On the same day the Florida Legislature is poised to pass a bill that will require lawmakers to put a giant roadblock before some of the state's broadest regulations -- by ratifying every rule that has a collective cost of $200,000 a year -- a New York think tank has blasted Florida for its "bargain basement" regulatory structure and for "disproportionately focusing on costs while failing to adequately account for economic benefits."
The 441-page report, by the Institute for Policy Integrity at New York University School of Law, analyzed the regulatory structure used to make decisions in every state and concluded that in Florida "billions of dollars and public protections may be at risk from inadequate regulatory review." The report compared each set of laws and guidelines in each state to direct feedback from leaders on the ground and assigned Florida a "C."

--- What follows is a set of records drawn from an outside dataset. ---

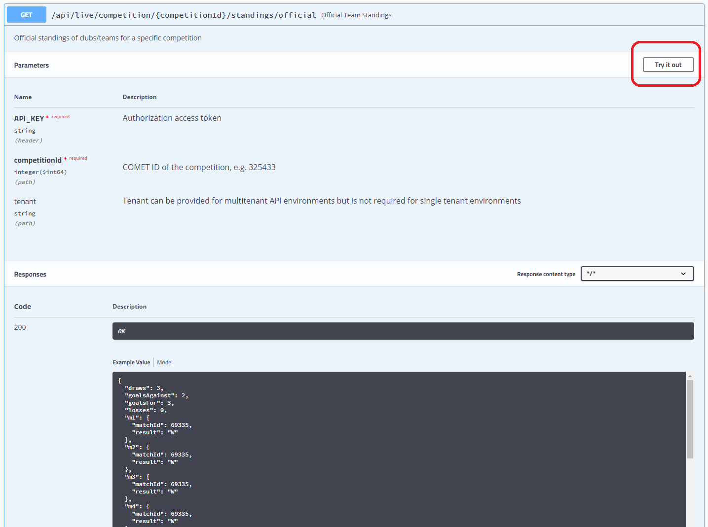 COMET LIVE API endpoints are specified and documented in Swagger, where you can also test the endpoints, by providing an API KEY and input parameters for the specific endpoint.
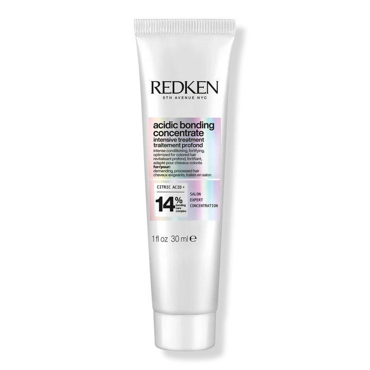 Redken Acidic Bonding Concentrate Intensive Treatment Mask for Damaged Hair helps strengthen even the most damaged hair in 5 minutes. Redken Bonding Care Complex strengthens hair from the inside & out with continued use of Acidic Bonding Concentrate Intensive Treatment, Shampoo and Conditioner.
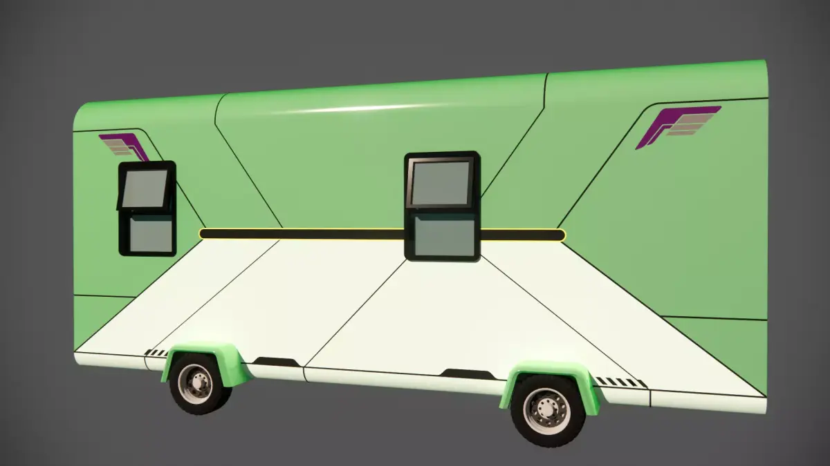 This cutting-edge camper trailer redefines mobile living with its sci-fi inspired, angular design and striking two-tone green finish. Built for both aesthetics and performance, its aerodynamic profile reduces drag for improved fuel efficiency, while the reinforced composite body ensures durability and lightweight handling. The sleek, frameless tinted windows and integrated LED accent lighting deliver a premium, modern look, while the modular interior layout (customizable to your specifications) maximizes space and comfort. Whether you’re a digital nomad, adventure traveler, or futurist enthusiast, this camper combines head-turning style with practical functionality for the ultimate on-the-go lifestyle.
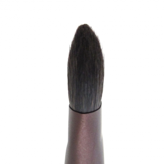 - まぶたは、皆様、御存じだと思いますがお顔の中でも一番皮膚が薄いところです。ごわごわした、人工毛をお使いの皆様、一度このブラシをお使いください。灰リスが基本ベースになっているので、非常にソフトです。ただソフトだけでは、カラーが取りづらく、ここで、職人が考えたのが、腰のある『ウマ毛』をブレンドすることで、カラーを取りやすくしました。さらに、考え出されたのが、毛を短くすることです。灰リスの風格を損なわず、ヤギの特徴を生かす工夫がされたブラシです。
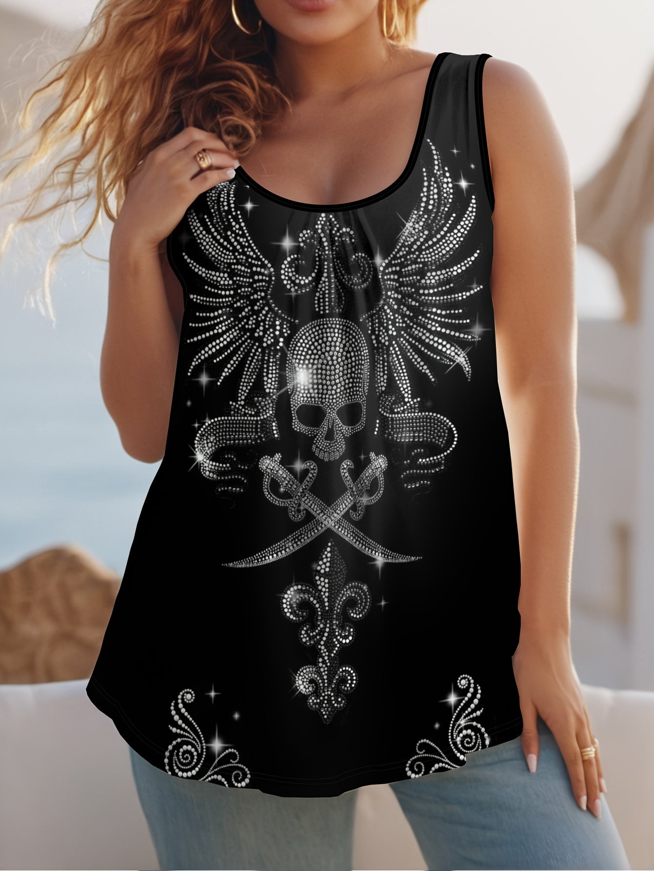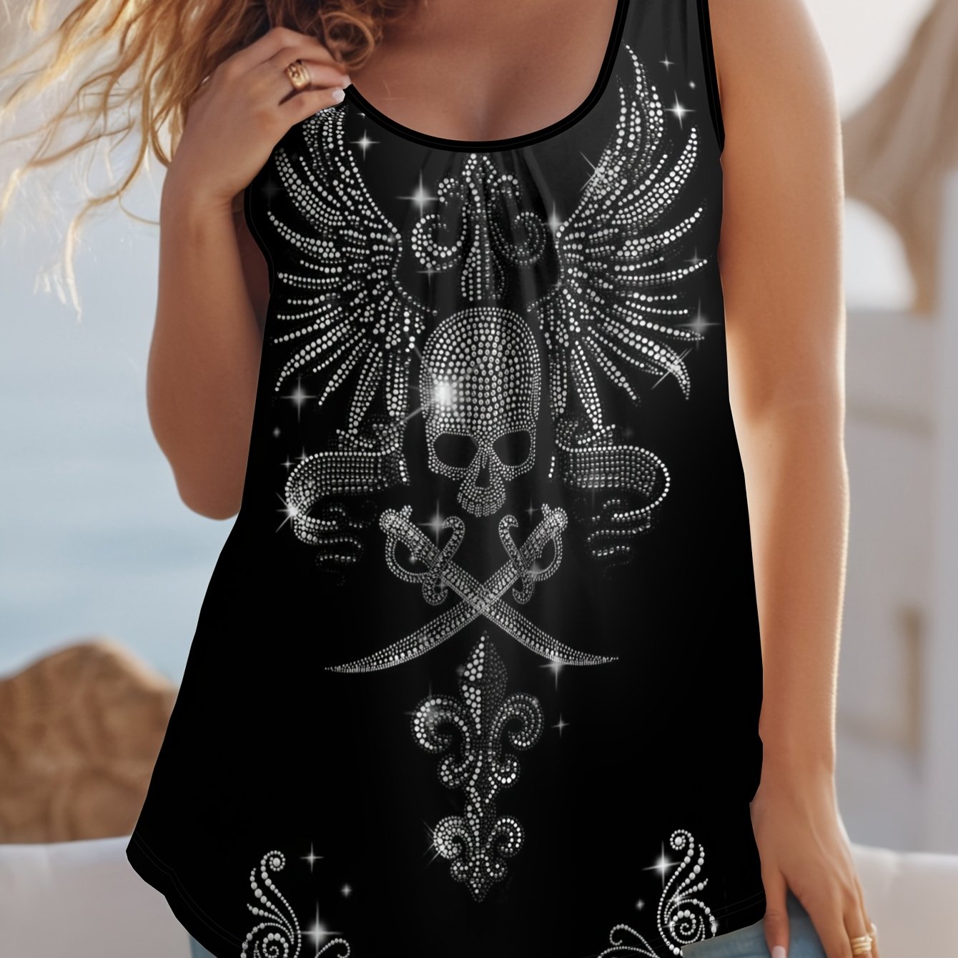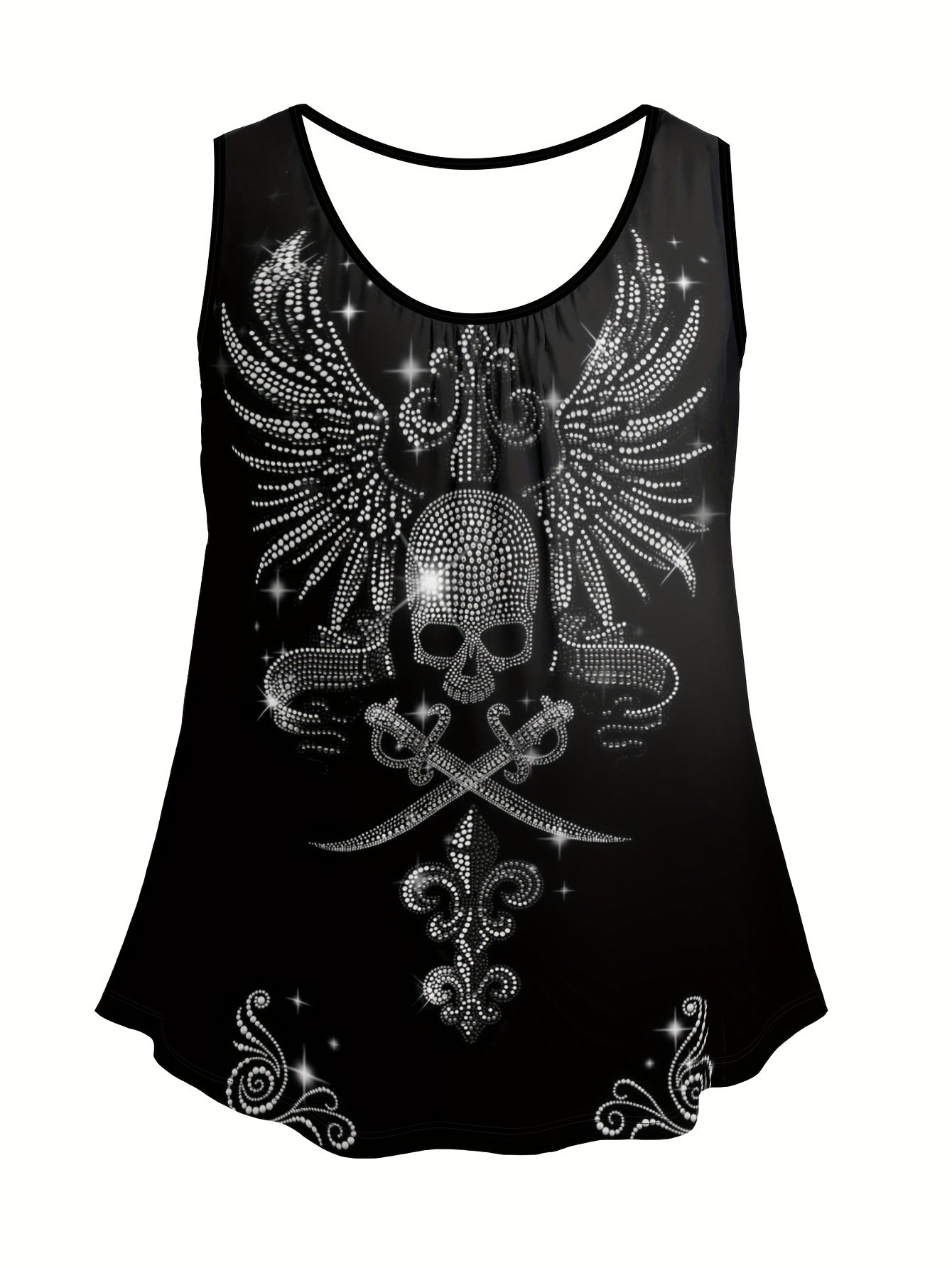 Топ без рукавов для женщин больших размеров из полиэстера с 3D-принтом черепа, летний жилет
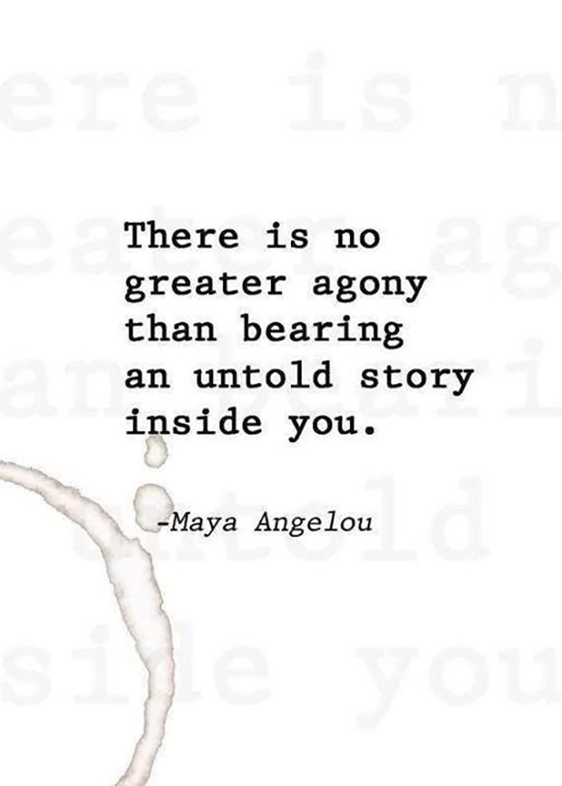 "There is no greater agony than bearing an untold story inside you."— Maya Angelou
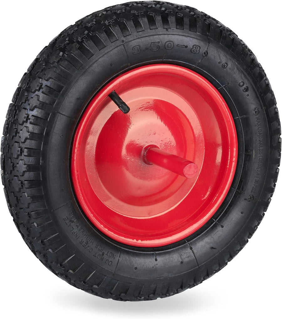 Relaxdays Schubkarrenrad 3.50-8, Luftreifen mit Fester Achse, Stahlfelge, Ersatzrad für Schubkarre,
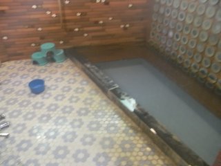 | 今回宿泊した、やなぎ荘 別館 内湯は2つあり、源泉賭け流し。家族湯で、鍵がかかるため、男女別に分かれておらず、空いていればどちらの風呂に入ってもよい。 |
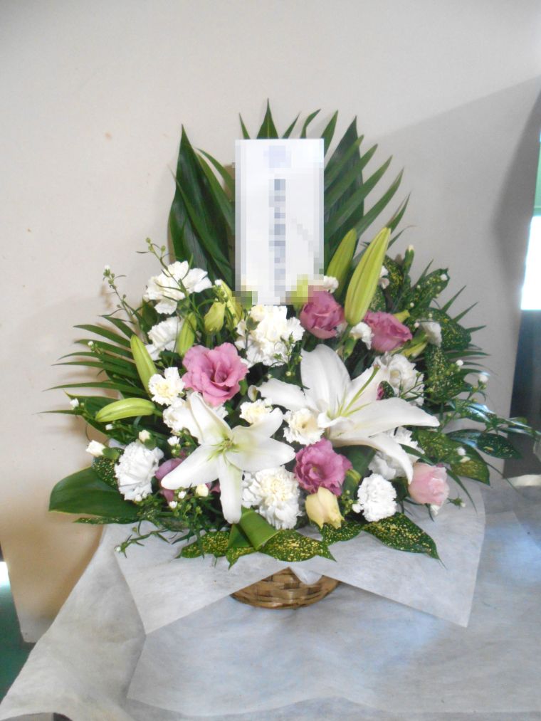 お悔やみ お供えの花 供花 (ユリをメインに白&ピンクでまとめたバスケットアレンジ)

The report, 52 Experiments with Regulatory Review, found that Florida’s system is built around a “lowest-cost option” which means the cheapest method for implementing a law must be chosen, even if the rule is rendered less effective as a result.
Florida routinely regulates industries whose size and economic footprint climb over $100 million, Schwartz concluded. But these rules are often made without enough examination of their economic benefits, potentially yielding inefficient results. He cited Florida's move to reduce automobile air pollution which was denied by legislators, he said. "on the basis of unscientific opinion."
“This is not a problem of too much regulation,'' said Richard Revesz, dean of NYU Law. "It’s a question of crafting the right kind of regulation. And given Florida’s guidelines, they are less likely to arrive at balanced, public interest-minded results.”